__Work task__: Would you give the listing back word for word once its pictures are removed?

__Information provided__:
- Opening Delimiter -

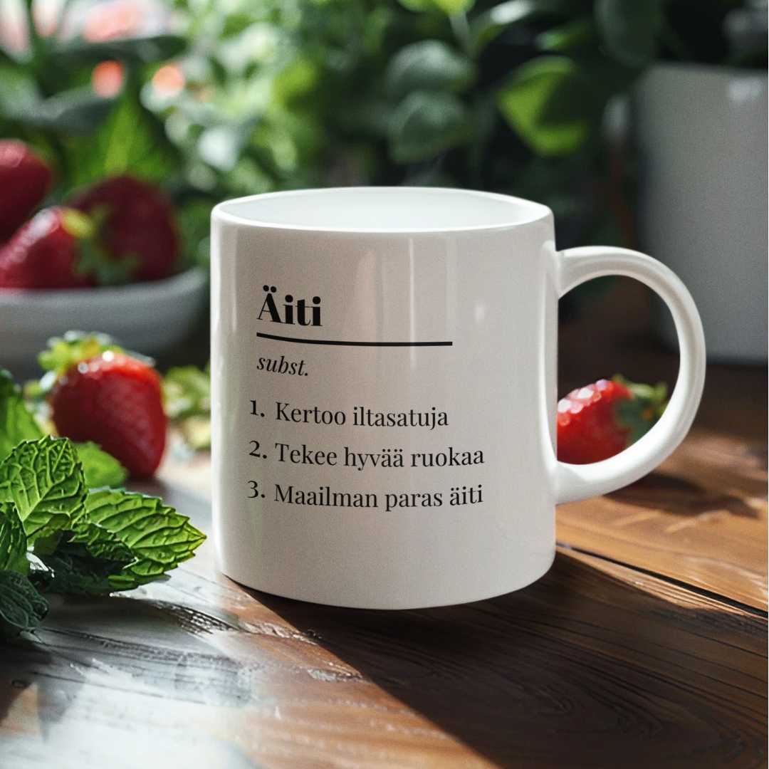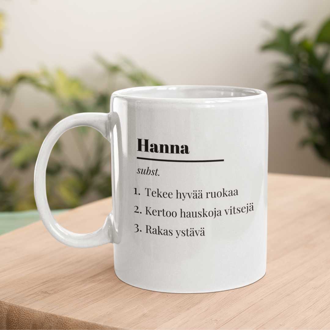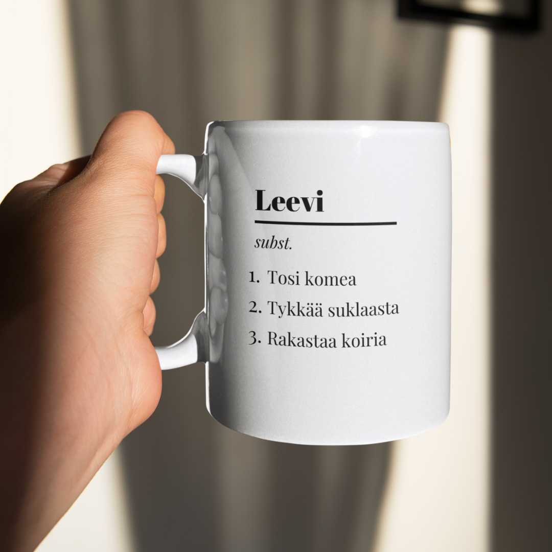 Muki omalla tekstillä on takuulla uniikki ja hyödyllinen lahjaidea kenelle tahansa! Voit personoida mukin lahjansaajan nimellä ja kolmella häntä kuvaavalla ominaisuudella. Anna muki lahjaksi esimerkiksi äidille, kaverille tai vaikkapa opettajalle. Kaiffari on pieni paja Äänekoskelta, jossa kustomoimme kaikki tuotteet käsin.
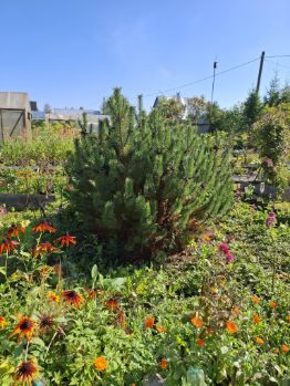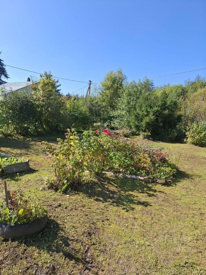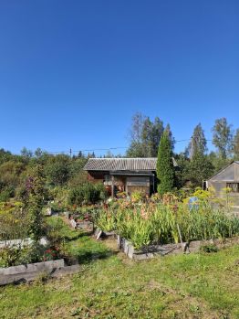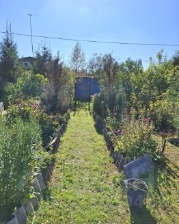 Участок угловой, ухоженный. Много цветов, плодовых деревьев и кустарников. А еще вас будет радовать урожаем черный виноград, растущий на участке.
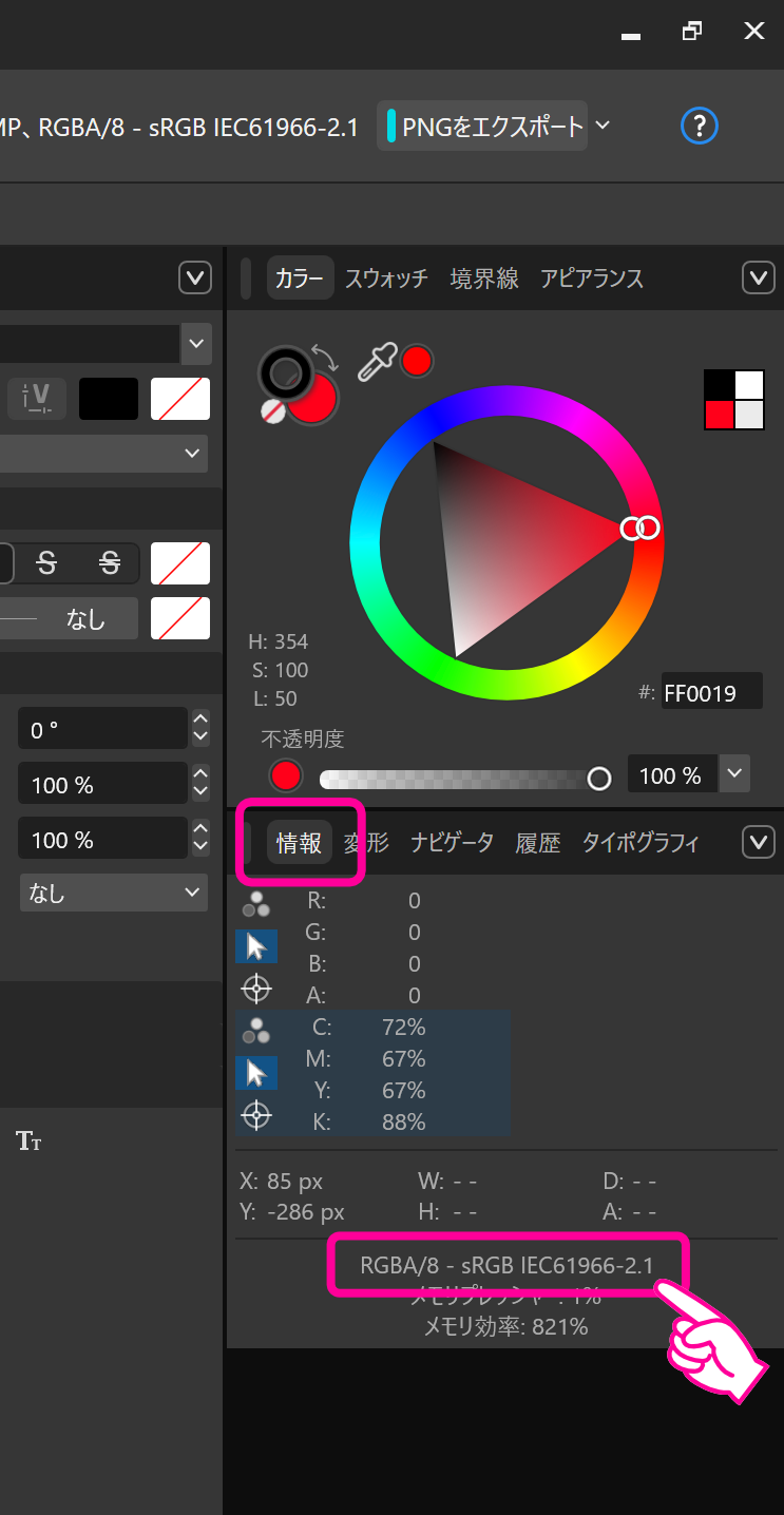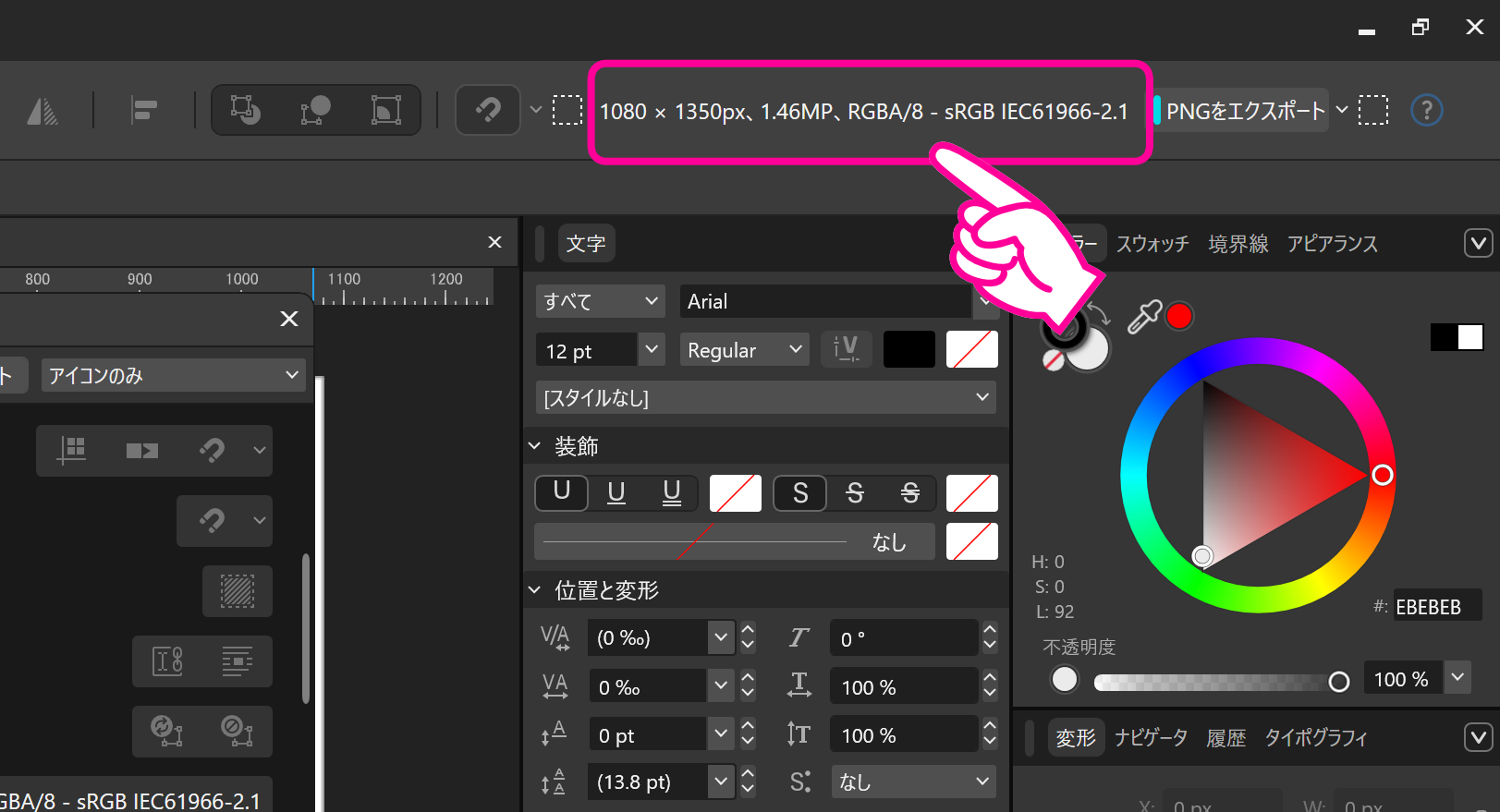 ※「カラーモード」はAffinityでは「カラーフォーマット」のことです。

- Closing Delimiter -

__Your response__:
 Muki omalla tekstillä on takuulla uniikki ja hyödyllinen lahjaidea kenelle tahansa! Voit personoida mukin lahjansaajan nimellä ja kolmella häntä kuvaavalla ominaisuudella. Anna muki lahjaksi esimerkiksi äidille, kaverille tai vaikkapa opettajalle. Kaiffari on pieni paja Äänekoskelta, jossa kustomoimme kaikki tuotteet käsin.
 Участок угловой, ухоженный. Много цветов, плодовых деревьев и кустарников. А еще вас будет радовать урожаем черный виноград, растущий на участке.
 ※「カラーモード」はAffinityでは「カラーフォーマット」のことです。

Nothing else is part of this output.